At the same time, great amounts of public money, colossal amounts of manpower, and the concerted attention of numerous His Lordships were being brought to bear on attempts to raise a fleet of behemoth luxury dirigibles with which to knit the Empire together.

Then there was the Spiritualist movement – where clairvoyants and mediums who channelled the dead, as well as contacting wise Ascended Souls, were in great fashion. Certain scientists took it upon themselves to conduct rigorous testing, using an impressive battery of instruments, to try to discover how the mediums did it – and which ones were genuine, and which charlatans. A few really gifted ones shone above the rest… and their words were recorded by ace shorthand secretaries; later to be transcribed.

And so. We have a downed hero airman, Capt Hinchliffe (this is a true story by the way, very precisely researched and documented), his downed heiress employer, a bobbing dirigible with wires wearing through the thin skin of its hydrogen balloons (with no plastics yet, the envelopes were made of ox gut membranes {‘goldbeater skin’} and canvas), and a truly accurate medium, the cultured, well-spoken Eileen Garrett. We have Sir Arthur Conan Doyle, creator of Sherlock Holmes and a champion of Lady Garrett and mediums in general. We have the just-dead pilot desperately trying to contact mediums, friends, other airmen – both to try and arrange the financial security of his much-loved wife and daughters, and to warn of impending disaster with one of the new dirigibles…

This vast floating object – at 777 feet, the world’s largest airship – was setting out on a maiden voyage to India, and no detail had been overlooked. I quote: “Large quantities of pressed cheese had been prepared. A cheese blender worked aboard the ship, carefully blending twenty different varieties chosen for flavour, texture, body and colour. He had to taste as much as two pounds of cheese a day from the various samples, and complained that he wasn’t able to fancy his dinner on those days.

“In the lounge, lush carpets of staggering value were laid down to prepare for greeting the High Commissioner for Egypt when the ship was safely moored at the Ismaila mast. They added weight.”

Unfortunately, dirigibles are very vulnerable to vagaries in the weather…

It’s a riveting read, steady, factual, detailed. We end up hearing from several dead pilots – a restless lot it seems – and what they have to say about the Afterlife is fascinating. Hint: It’s better to clean up your act while you are still in this body. You can’t just count on things magically transforming “over there;” angelic beings doing your work for you.

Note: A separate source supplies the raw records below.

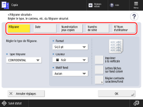 Écran de copieL'écran [Filigrane sécurisé] s'affiche.
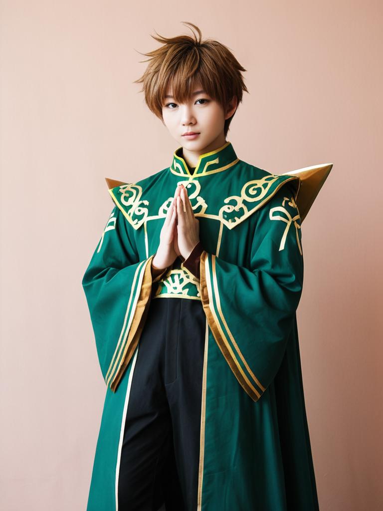 Man cosplay. Wearing Shirou Emiya costume. Realistic photo. Dressed as Shirou Emiya --sref 1400
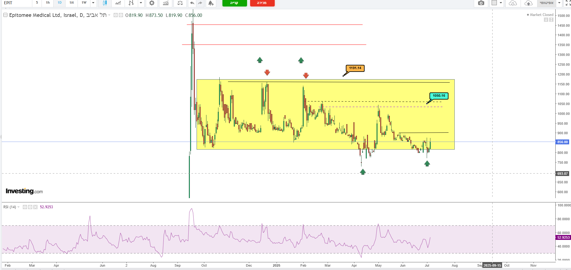 לאור זאת שהחלטתי שעדיף להיות בקרבת המשפחה בזמן המלחמה ולא לצאת לעבודה, יש לי זמן פנוי להיות יותר אקטיבי פה מאשר רק משתמש עוקב... אז מראש רוצה להגיד שאני קורא ולומד מכם המון ונעזר בכם המון... אחלה של מקום! לגבי המניות איירטאצ בירידה של כ 50% מאפריל ודיי מקרטעת כבר כמה שבועות, האם זה זמן טוב לשקול להכנס אליה או שהיא בדרך למטה? מתלבט אם לרכוש בשערים של עד 60 או לוותר. אידומו - אני בפנים משער 340 בימים האחרונים עושה רושם שהיא טיפה מדוממת מנועים עד כדי השתקה. שוקל אם זו נקודת זמן טובה לחזק או לשחרר או לחכות לתגובה של המניה עם סטופ היכן שהו. אלקטריאון - מחזיק משער 5850 והיא מאוד תנודתית בימים אלה... האם הייתם רוכשים עוד ממנה כעת בתקווה שתתחיל לתקן לאחר שהגיעה לשערים די נמוכים לה... שוב תודה לעונים ותשמרו על עצמכם,

And, if you can, get your work and your stuff sorted before you go – or else you might hover around watching helplessly while your heirs struggle with your unfinished business.

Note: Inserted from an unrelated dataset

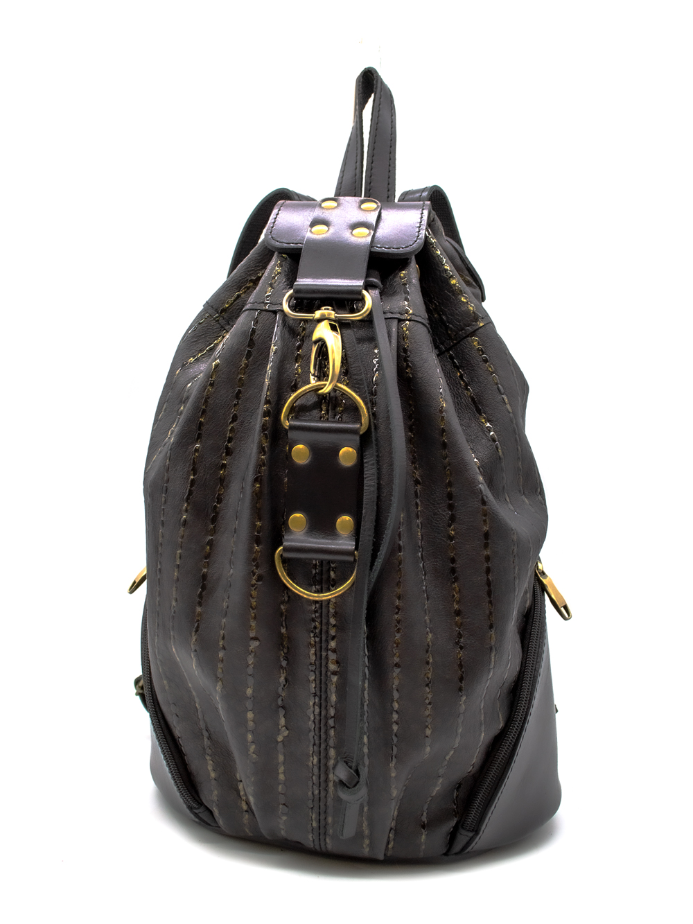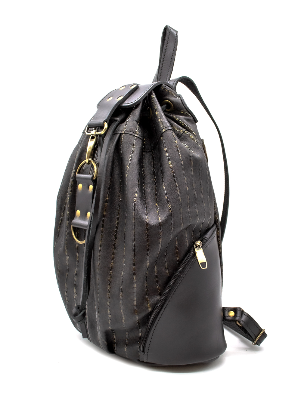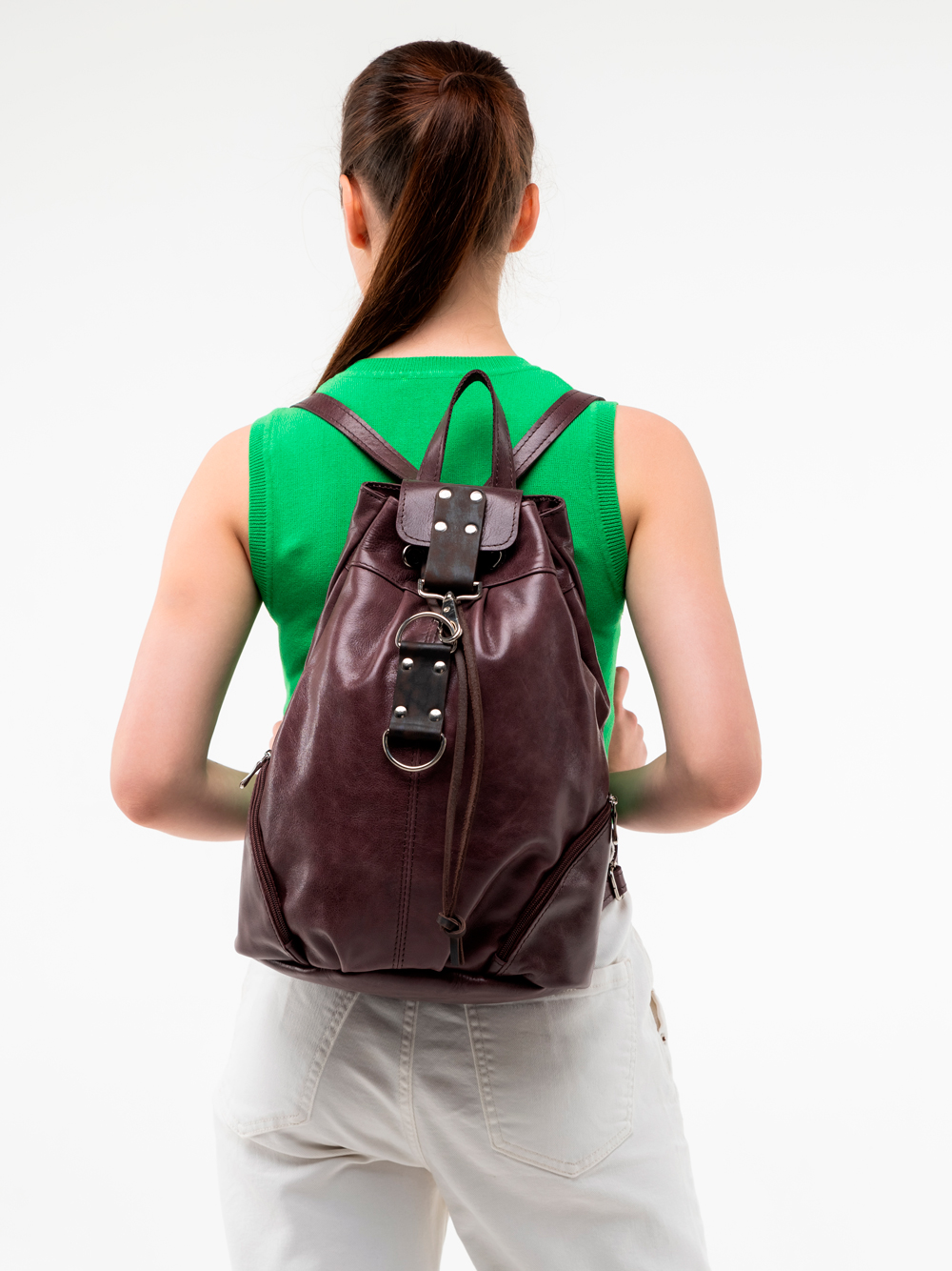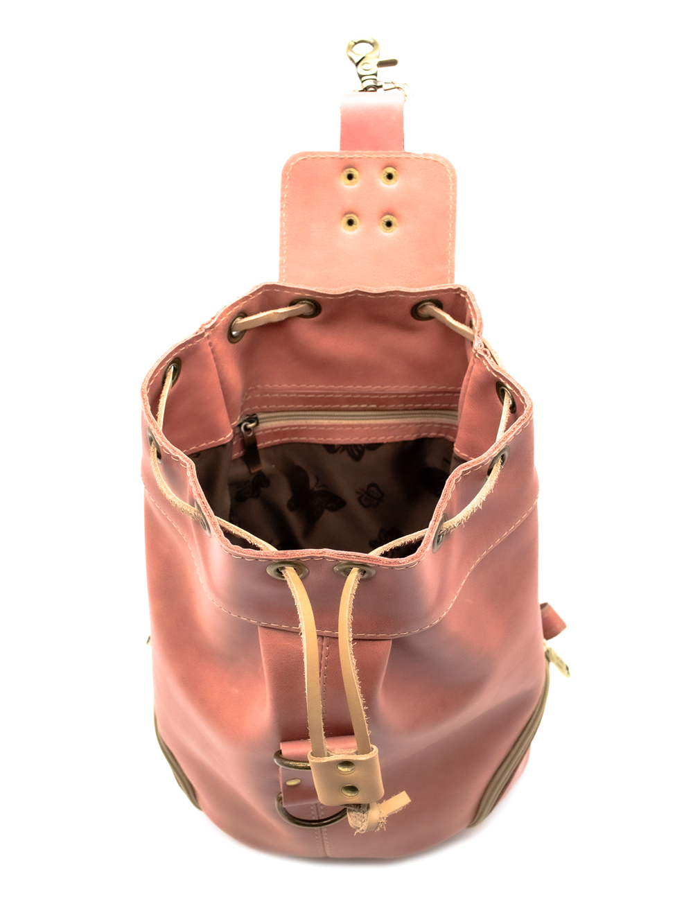 Женский кожаный рюкзак "Скиппи" - стильный женский аксессуар средних размеров. Сшит из натуральной европейской кожи и будет радовать хозяйку своей компактностью и удобством! Внутри одно вместительное отделение для всех необходимых вам вещей, карман на молнии для документов карман на задней стенке. Наружные (боковые) карманы можно приспособить под разные мелочи, а карман на спинке отлично подойдет для телефона, закрывается на молнию. Внутри рюкзак "Скиппи" на подкладке. Сверху затягивается на кожаный шнурок и закрывается на карабин.

And, try not to die in an aviation accident. Apparently such a death creates all sorts of shock and turmoil, difficult to deal with.

I found this book on one of those free-book shelves in Corfu, and a serendipitous find it was, even in its scruffy old hardback incarnation with the dust-jacket gone. I was completely absorbed in it, and when I was done, set about looking for anything else by that author. Highly recommended.

Review by Madhuri

John G FullerJohn G. Fuller (1913 – 1990) was a New England-based American author of several non-fiction books and newspaper articles, mainly focusing on the theme of extra-terrestrials and the supernatural. For many years he wrote a regular column for the Saturday Review magazine, called Trade Winds. Further books are We Almost Lost Detroit, The Ghost of Flight 401, Incident at Exeter, and The Interrupted Journey.